◆ Problem statement ◆
Give all the lines below again, exactly, with no pictures.

◆ Supplied data ◆
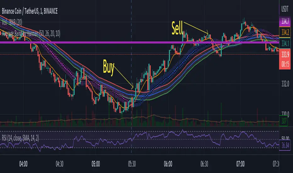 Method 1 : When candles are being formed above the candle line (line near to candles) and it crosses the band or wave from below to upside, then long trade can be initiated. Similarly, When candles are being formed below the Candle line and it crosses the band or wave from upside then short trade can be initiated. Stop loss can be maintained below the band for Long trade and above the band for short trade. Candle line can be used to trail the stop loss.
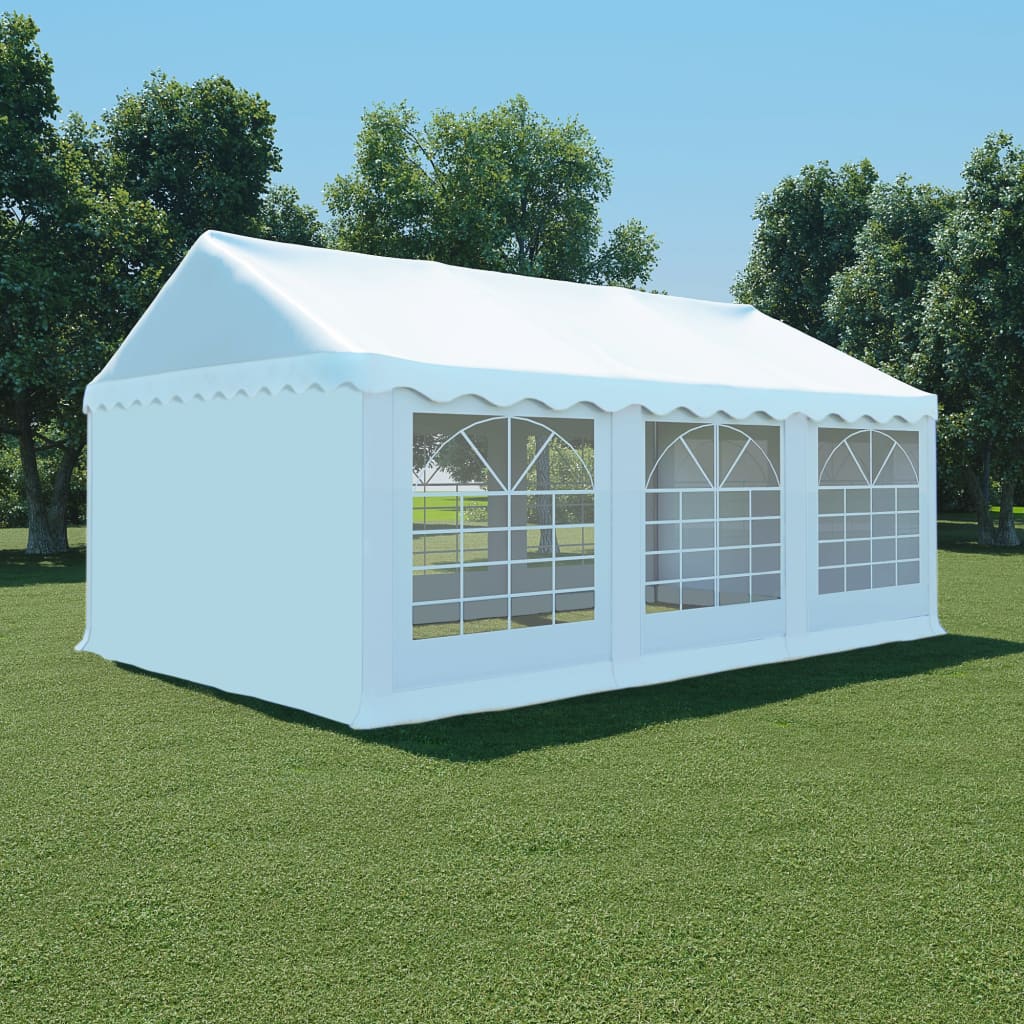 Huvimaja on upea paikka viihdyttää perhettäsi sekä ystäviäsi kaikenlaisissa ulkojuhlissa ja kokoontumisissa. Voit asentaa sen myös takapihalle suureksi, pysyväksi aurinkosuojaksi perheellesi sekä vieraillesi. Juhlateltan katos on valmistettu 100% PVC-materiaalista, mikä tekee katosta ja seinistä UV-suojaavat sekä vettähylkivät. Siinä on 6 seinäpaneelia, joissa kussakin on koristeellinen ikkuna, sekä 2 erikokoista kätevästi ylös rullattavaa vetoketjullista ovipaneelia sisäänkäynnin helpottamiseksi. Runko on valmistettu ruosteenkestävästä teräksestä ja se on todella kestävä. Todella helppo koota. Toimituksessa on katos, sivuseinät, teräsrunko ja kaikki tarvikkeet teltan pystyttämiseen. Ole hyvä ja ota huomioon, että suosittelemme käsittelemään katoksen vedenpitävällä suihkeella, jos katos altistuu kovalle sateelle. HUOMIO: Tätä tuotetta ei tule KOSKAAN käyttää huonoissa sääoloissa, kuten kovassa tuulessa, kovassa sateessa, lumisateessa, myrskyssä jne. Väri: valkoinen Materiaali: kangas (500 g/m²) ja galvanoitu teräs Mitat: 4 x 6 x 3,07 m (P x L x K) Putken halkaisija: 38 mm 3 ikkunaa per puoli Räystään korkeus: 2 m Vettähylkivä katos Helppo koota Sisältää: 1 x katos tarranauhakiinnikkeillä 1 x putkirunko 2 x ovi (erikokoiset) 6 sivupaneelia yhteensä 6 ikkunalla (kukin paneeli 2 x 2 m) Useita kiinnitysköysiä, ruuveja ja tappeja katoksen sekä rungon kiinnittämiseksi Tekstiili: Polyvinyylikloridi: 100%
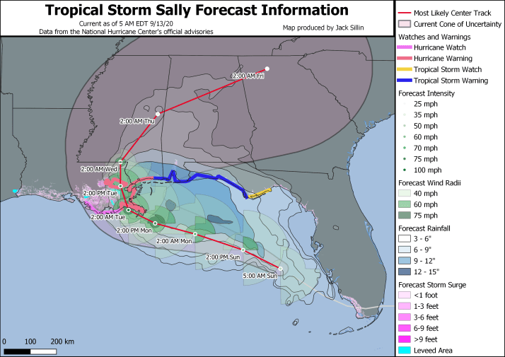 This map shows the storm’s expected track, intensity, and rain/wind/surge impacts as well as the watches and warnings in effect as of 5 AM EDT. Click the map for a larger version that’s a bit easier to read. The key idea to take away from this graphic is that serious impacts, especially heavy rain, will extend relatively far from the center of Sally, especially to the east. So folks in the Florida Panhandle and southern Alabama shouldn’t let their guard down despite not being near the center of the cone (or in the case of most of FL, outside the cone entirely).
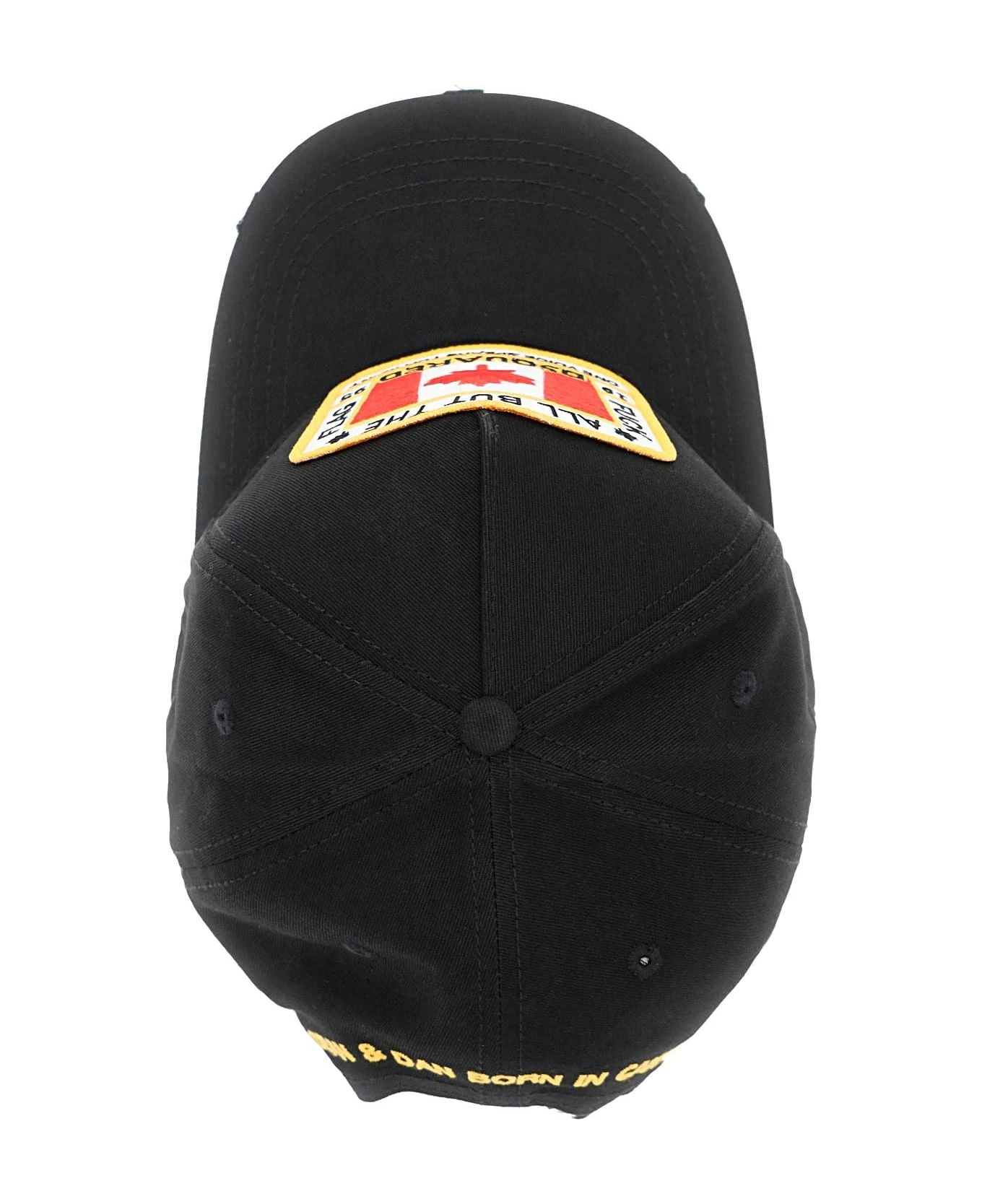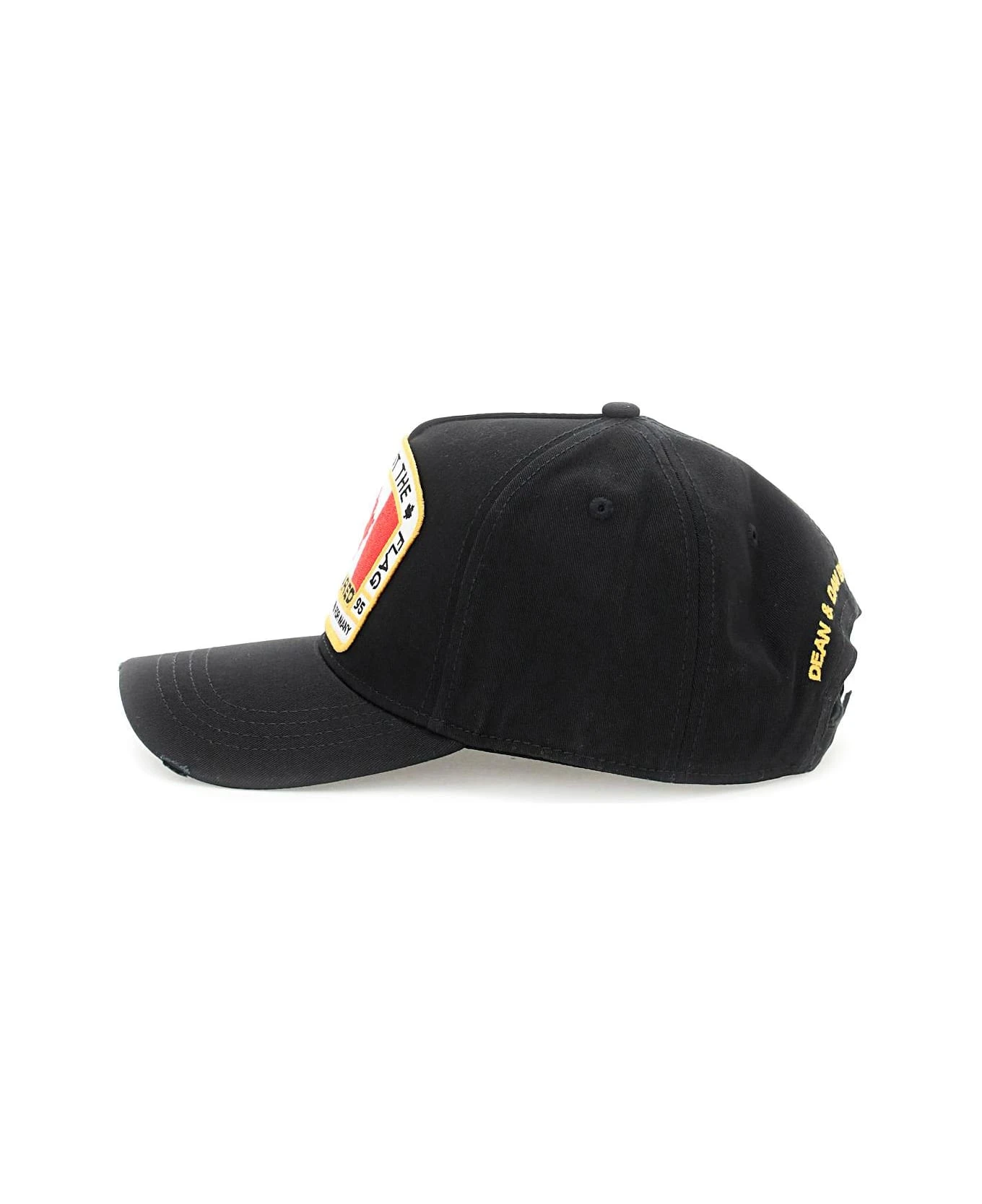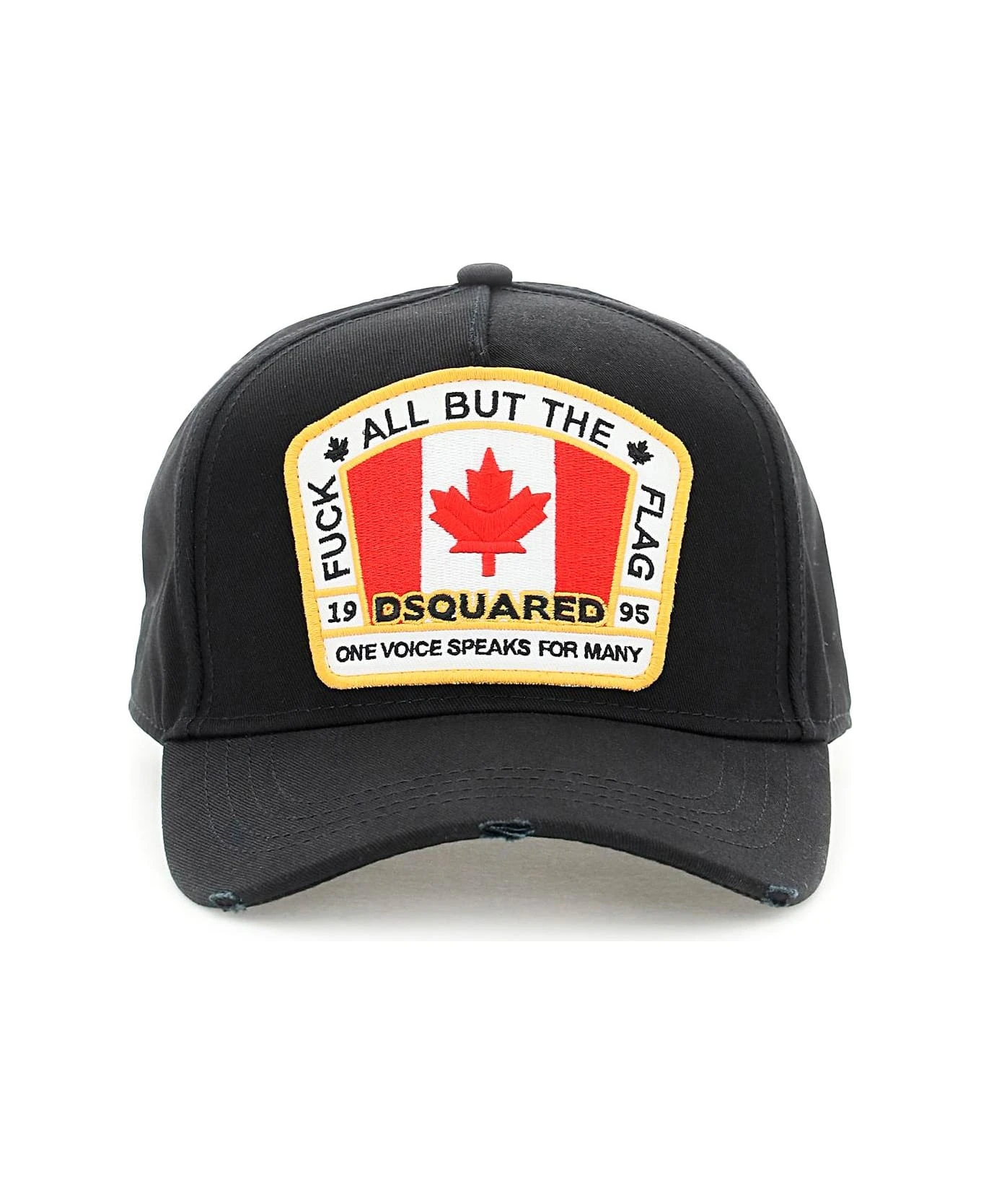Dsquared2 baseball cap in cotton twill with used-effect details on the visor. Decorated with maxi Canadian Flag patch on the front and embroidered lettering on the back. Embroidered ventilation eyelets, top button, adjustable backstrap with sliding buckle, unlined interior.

◆ Expected answer ◆
 Method 1 : When candles are being formed above the candle line (line near to candles) and it crosses the band or wave from below to upside, then long trade can be initiated. Similarly, When candles are being formed below the Candle line and it crosses the band or wave from upside then short trade can be initiated. Stop loss can be maintained below the band for Long trade and above the band for short trade. Candle line can be used to trail the stop loss.
 Huvimaja on upea paikka viihdyttää perhettäsi sekä ystäviäsi kaikenlaisissa ulkojuhlissa ja kokoontumisissa. Voit asentaa sen myös takapihalle suureksi, pysyväksi aurinkosuojaksi perheellesi sekä vieraillesi. Juhlateltan katos on valmistettu 100% PVC-materiaalista, mikä tekee katosta ja seinistä UV-suojaavat sekä vettähylkivät. Siinä on 6 seinäpaneelia, joissa kussakin on koristeellinen ikkuna, sekä 2 erikokoista kätevästi ylös rullattavaa vetoketjullista ovipaneelia sisäänkäynnin helpottamiseksi. Runko on valmistettu ruosteenkestävästä teräksestä ja se on todella kestävä. Todella helppo koota. Toimituksessa on katos, sivuseinät, teräsrunko ja kaikki tarvikkeet teltan pystyttämiseen. Ole hyvä ja ota huomioon, että suosittelemme käsittelemään katoksen vedenpitävällä suihkeella, jos katos altistuu kovalle sateelle. HUOMIO: Tätä tuotetta ei tule KOSKAAN käyttää huonoissa sääoloissa, kuten kovassa tuulessa, kovassa sateessa, lumisateessa, myrskyssä jne. Väri: valkoinen Materiaali: kangas (500 g/m²) ja galvanoitu teräs Mitat: 4 x 6 x 3,07 m (P x L x K) Putken halkaisija: 38 mm 3 ikkunaa per puoli Räystään korkeus: 2 m Vettähylkivä katos Helppo koota Sisältää: 1 x katos tarranauhakiinnikkeillä 1 x putkirunko 2 x ovi (erikokoiset) 6 sivupaneelia yhteensä 6 ikkunalla (kukin paneeli 2 x 2 m) Useita kiinnitysköysiä, ruuveja ja tappeja katoksen sekä rungon kiinnittämiseksi Tekstiili: Polyvinyylikloridi: 100%
 This map shows the storm’s expected track, intensity, and rain/wind/surge impacts as well as the watches and warnings in effect as of 5 AM EDT. Click the map for a larger version that’s a bit easier to read. The key idea to take away from this graphic is that serious impacts, especially heavy rain, will extend relatively far from the center of Sally, especially to the east. So folks in the Florida Panhandle and southern Alabama shouldn’t let their guard down despite not being near the center of the cone (or in the case of most of FL, outside the cone entirely).
Dsquared2 baseball cap in cotton twill with used-effect details on the visor. Decorated with maxi Canadian Flag patch on the front and embroidered lettering on the back. Embroidered ventilation eyelets, top button, adjustable backstrap with sliding buckle, unlined interior.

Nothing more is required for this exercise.